Code references in the iOS 6.1 firmware indicated that the new Apple TV device will be powered by Apple’s A5X chip and use the same WLAN+Bluetooth antenna/chip combo that has been used in iPhone 5. The dual-core A5X chip with quad-core graphic powered the third generation iPad (or the new iPad), which was discontinued last year.
It was widely speculated that Apple is planning a similar approach, by using the A5X processor in the new Apple TV, it will test the platform and later ramp up production of the A5X processor for the next generation iPad mini.
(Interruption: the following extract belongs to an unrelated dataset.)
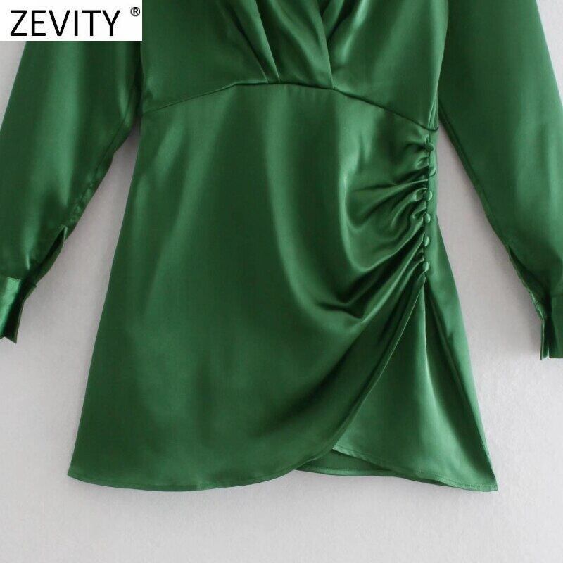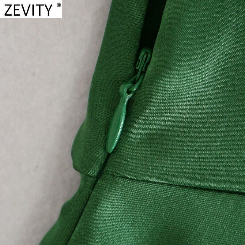 ZEVITY 女性ターンダウン襟ダブルブレストグリーンサテンドレスオフィスレディシックなプリーツバックル Vestido DS9208 会社 学校 通勤や通学にも

It also meant that the quad-core graphics of the A5X processor could be used to power next iPad mini’s Retina Display.
Unfortunately, those speculations may not be accurate as MacRumors has discovered that the tweaked Apple TV that have now started hitting Apple’s retail store, does not contain an A5X chip. It is actually powered by a A5 chip like its predecessor, but is even smaller than the previous one.
The original A5 chip introduced in 2011 for the iPad 2 was built on a 45-nanometer process, measuring 10.09 mm by 12.15 mm, while the first die-shrunk A5 introduced in 2012 for the third-generation Apple TV and the tweaked iPad 2 measured 41% smaller at 8.19 mm by 8.68 mm.
This new A5 found in the tweaked third-generation Apple TV is considerably smaller still, with our measurements putting the chip at just 6 mm by 6 mm.
The smaller A5 chip has sparked off speculation that Apple may be piloting a 28-nanometer process from Taiwan Semiconductor Manufacturing Company (TSMC), the world’s largest contract chip manufacturer. If that’s indeed true then the new die-shrunk A5 chip would make it the first chip to be manufactured by a company other than Samsung.
Apple has already taken steps to reduce its reliance on Samsung with A6 system-on-chip. Apple did not work with the Korean company on the development of its new A6 processor, which powers iPhone 5 and simply uses them as a foundry to manufacture the chip. Samsung had contributed to the design and development of processors used in previous generation iPhones. So the next logical step seems to be to also move manufacturing to another foundry operator like TSMC or even Intel.
There have also been rumors that Apple has signed a deal with TSMC for the production of A7 quad-core processors that could be used in iOS devices in 2014.
Samsung better watch out, Apple seems to be very serious about moving its business.